Produire un contenu qui me plaît
Réduire l’écart entre ce que je souhaitais produire et ce que je produisais réellement procède du même raisonnement et a été de paire avec toutes les choses que j’ai apprises et que je continue d’apprendre des compétences gravitant autour de l’univers des blogs. La satisfaction-la fierté-l’émotion d’arriver à produire exactement ce que l’on avait en tête sont des sensations absolument géniales et grisantes qui arrivent à mettre à terre n’importe quel chiffre « moyen ». Comme pour tous nos choix personnels, je crois vraiment à l’importance de faire les choses en accord avec soi-même. Ce que l’on construit sur cette base-là s’en trouve bien moins fragile et se fait une bien meilleure base de travail pour avancer, créer, progresser, s’améliorer et apprendre encore. Moins fragile et plus ancrée, les chiffres trouvent bien plus de difficulté à me déboussoler aujourd’hui qu’ils n’en trouvaient hier.

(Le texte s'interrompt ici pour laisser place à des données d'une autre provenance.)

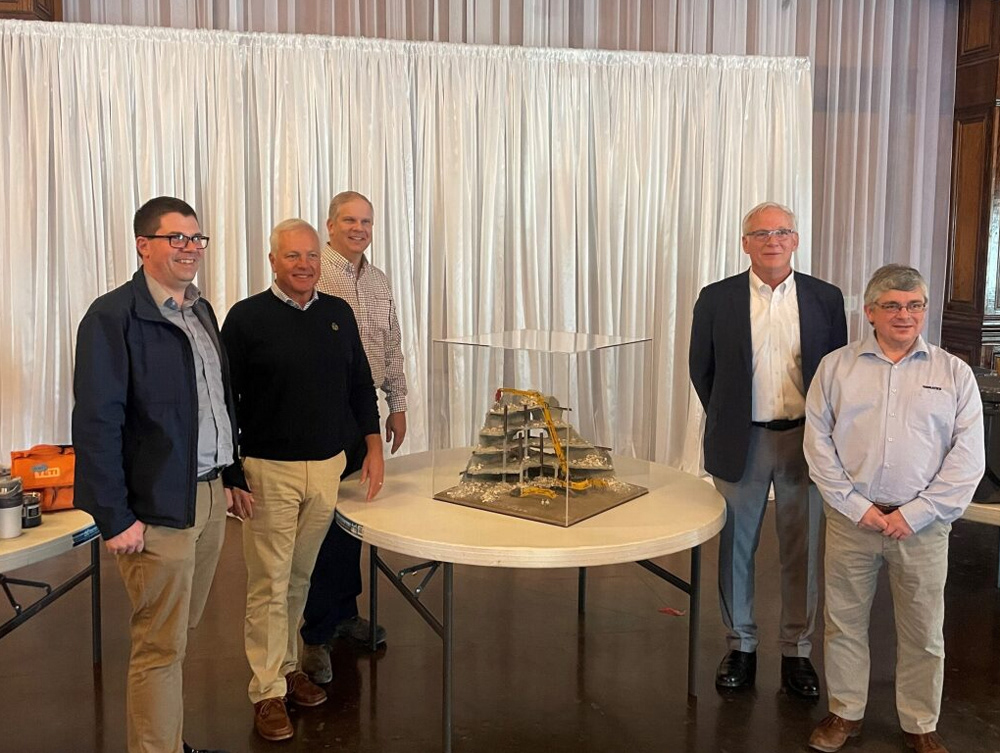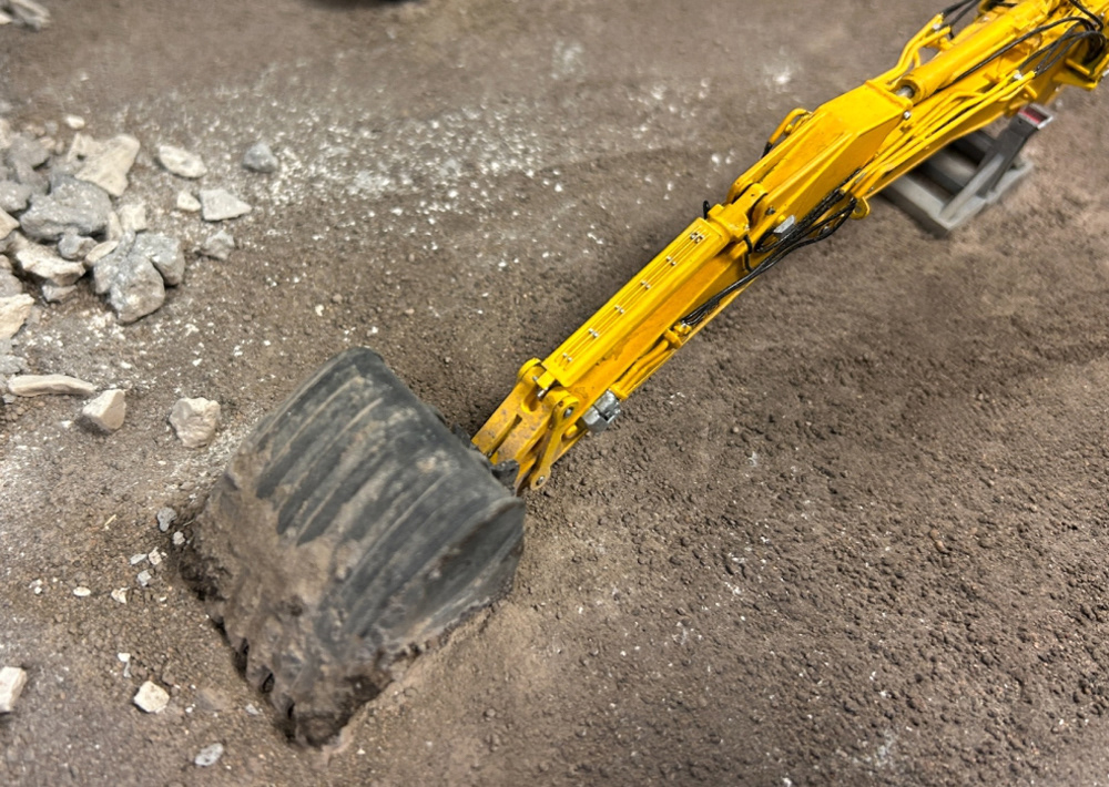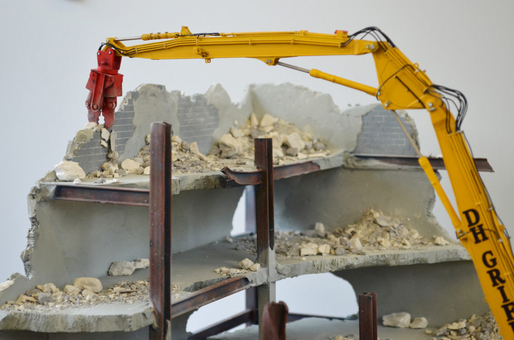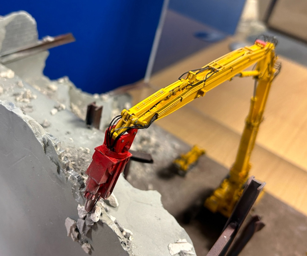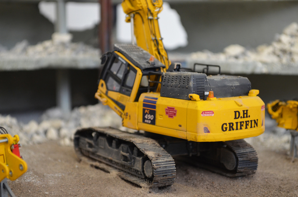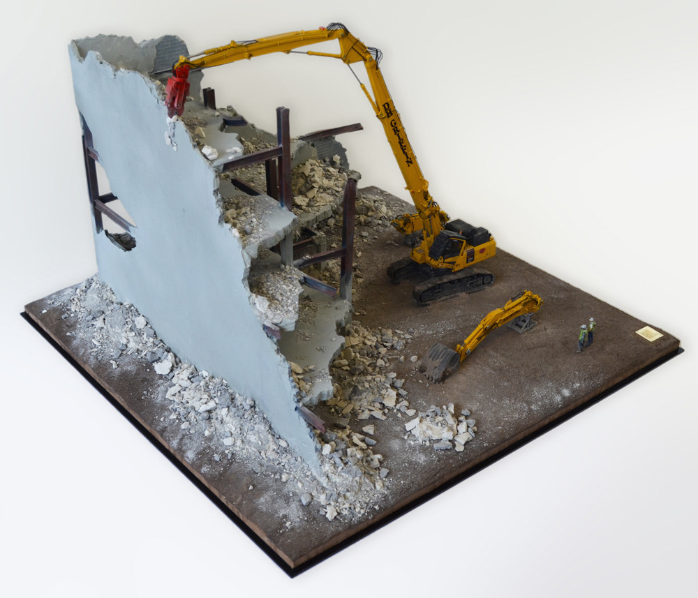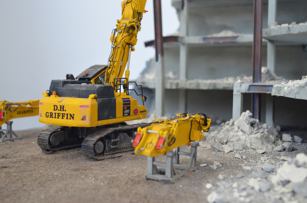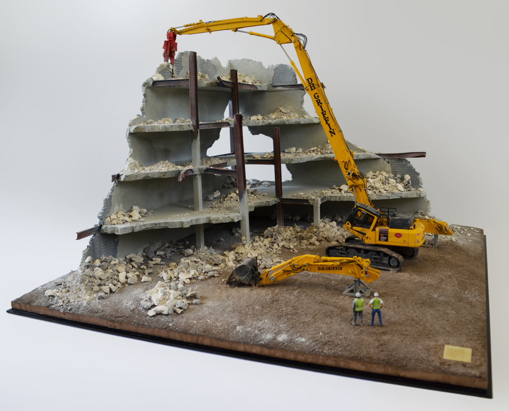 Commissioned by Komatsu UK to present to one of their prestigious clients, this 1:50 scale diorama features a model of the PC490HRD High reach demolition excavator, in action demolishing a building, alongside a digger boom and extension boom. The model is a great example of traditional modelling techniques alongside modern 3D printing technology. The main body of the machine was adapted from a diecast scale model of a similar excavator, with newly constructed undercarriage, booms and details, including hand made cable and pipework additions.

Faire des chiffreS une boussole
Les chiffres peuvent néanmoins être intéressants et nous apprendre des choses si l’on en fait une lecture bienveillante et ciblée. C’est cette lecture que j’apprends à en faire depuis quelques mois. Regarder ses statistiques peut nous en apprendre énormément sur les coulisses des chiffres autour de notre blog et nous aider à redistribuer au mieux nos efforts et notre activité. Identifier les sources principales de trafic de notre blog peut nous permettre de les chouchouter et d’accorder éventuellement plus de temps à la création de contenu dédié, identifier celles qui au contraire semblent moins « marcher » peut être une porte ouverte à tester de nouvelles choses et innover… Mes statistiques ont ainsi perdu leur costume de tyran pour celui de guide bienveillant.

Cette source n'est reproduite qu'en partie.